Inscrite à l'ESCF Ferrandi en création d'entreprise, elle effectue un stage chez Lasserre avec Jean-Louis Nomicos. Elle y est encore la seule femme et restera au poisson durant les six mois de stage, ce qu'elle voit comme une chance : "il n'y a qu'avec la pratique que l'on apprend à faire les choses". À L'Astrance (Paris, XVIe) avec Pascal Barbot, "un chef qui donne beaucoup d'opportunités et laisse libre cours à la créativité de ses employés", Chloé Charles se retrouve pour la première fois avec des femmes en cuisine. Chaque soir après le service, elle 'refait le match' avec l'une de ses collaboratrices, comme elle dit. "Nous avions besoin d'analyser ce qui s'était passé, sans que cela n'interfère sur le travail", avant d'ajouter, "Si on exerce la cuisine à ce niveau-là, on n'est pas des minettes. On a toutes un côté masculin".

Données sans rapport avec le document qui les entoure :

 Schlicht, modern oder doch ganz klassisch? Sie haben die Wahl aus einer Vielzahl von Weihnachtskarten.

"Je suis enfin sûre de moi"
Elle travaille ensuite deux ans avec le chef Samuel Cavagnis au Versance (Paris IIe), d'abord au garde-manger, puis à la pâtisserie. "La pâtisserie, c'est indispensable, même si je préfère largement la cuisine." Après un voyage de deux mois en Australie, la jeune femme trouve une place à L'Agapé (Paris, XVIIe), grâce à Ferrandi. C'est à cette époque qu'elle rencontre le chef Bertrand Grébaut. Elle poursuit ensuite à L'Agapé Substances (Paris VIe) avec David Toutain. Elle y reste de septembre 2011 à juillet 2012, "ce qui était déjà bien, avec la fatigue, le stress et la promiscuité, à la fin je ressemblais à une loque. Mais je sais pourquoi je l'ai fait, l'ambiance était extraordinaire, nous formions une fratrie, nous nous sentions forts tous ensemble. David pouvait être dur et en même temps très reconnaissant du travail que nous fournissions. C'est aussi grâce à cette expérience que je suis second aujourd'hui."

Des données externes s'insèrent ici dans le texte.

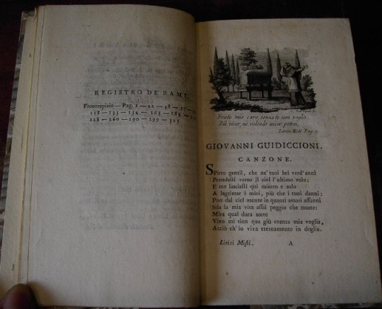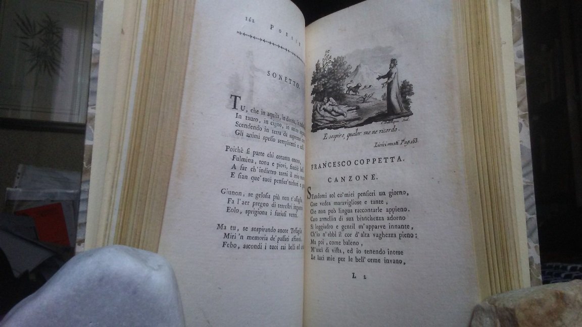 Volume in 8 legato in mezza pelle, titolo al tassello al dorso, sguardie, occhiello, frontespizio ornato da medaglione, due carte, 389 pp., vignette in rame nel testo. Notevole raccolta di componimenti poetici d'Autori cinquecenteschi. Particolare cura nell'impaginazione e stampa, una stringata ma puntuale biografia dei Poeti presente al fondo del volume, deliziose e fresche le vignette in rame. In pi che bello stato, di scarsa reperibilit.
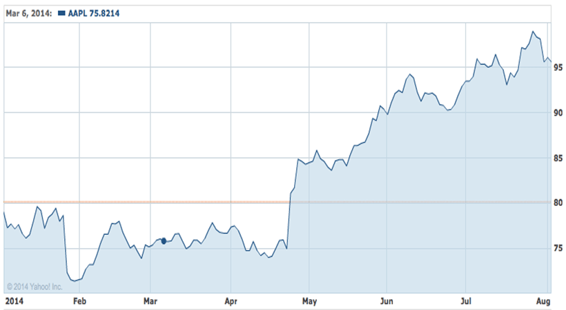 “[Apple] is up 25% since it spent $18 billion on its own shares between January and March and rallied 32% after a $16 billion buyback in 2013. Those are the highest four-month returns among the 20 biggest quarterly repurchases by any company since 1998, according to data compiled by Bloomberg and Standard & Poor’s.”

Chloé Charles occupe le poste de second de cuisine chez Septime(Paris, XIe) depuis fin août 2012. "Il y a une majorité de femmes, nous sommes quatre pour trois hommes." C'est la première fois qu'elle est à ce poste et pense l'être véritablement depuis janvier. "Je suis enfin sûre de moi, je ne prends pas les erreurs de tout le monde comme si c'était les miennes. C'est une gestion, une vision d'ensemble et une transmission du savoir." La jeune femme se rend compte qu'elle aime transmettre, expliquer aux apprentis, mais qu'elle apprend d'eux aussi. "En fait, on apprend tout le temps."

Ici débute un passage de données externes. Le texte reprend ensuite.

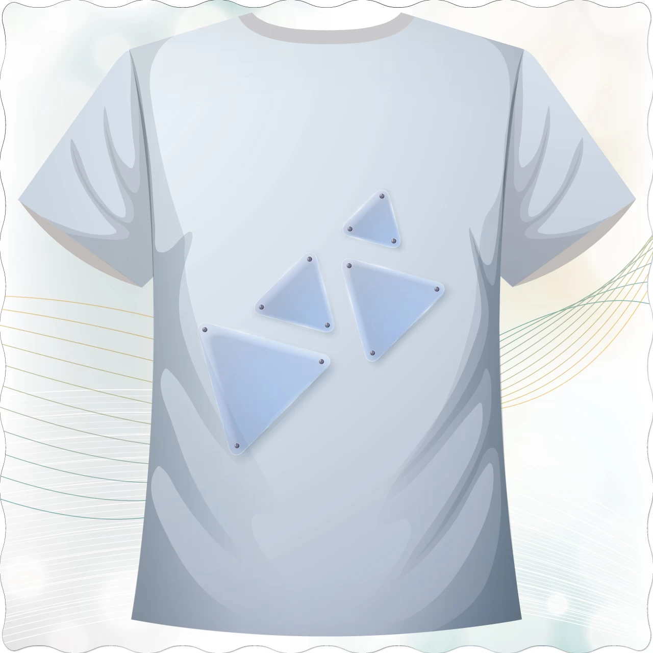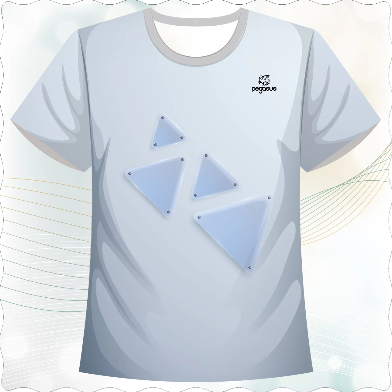 「冰晶三角款」,以淡雅的冰藍色為底,透過立體感的幾何三角設計,展現出如同冰晶般的清透與層次感。三角形排列宛如光影的碎片,簡潔卻充滿未來感,讓整體造型兼具科技感與時尚氣息。前後呼應的設計,讓視覺更有連續性,穿著時不僅能呈現清爽氛圍,也帶有俐落、低調卻耐看的質感。

Elle dit aimer réfléchir, "C'est un métier manuel, mais on n'est pas des machines. J'aime réfléchir à ce que je fais. Mes plats peuvent être assez intellectualisés. Comme les champignons cuits dans du café à basse température et accompagnés d'une crème de jaune d'oeuf que j'ai préparés pour le dîner de Fulgurance : beaucoup de gens m'ont dit qu'ils avaient moins aimé ou qu'ils avaient réfléchi. Il y a des plats gourmands qui n'amènent pas à réflexion et il y a des plats intellectualisés que nous chefs faisons de façon égoïste de temps en temps. J'aurais peur de m'ennuyer sinon." Pour l'instant, Chloé Charles apprend donc tout ce qu'elle peut et se dit qu'à 30 ans, elle aura sûrement son restaurant.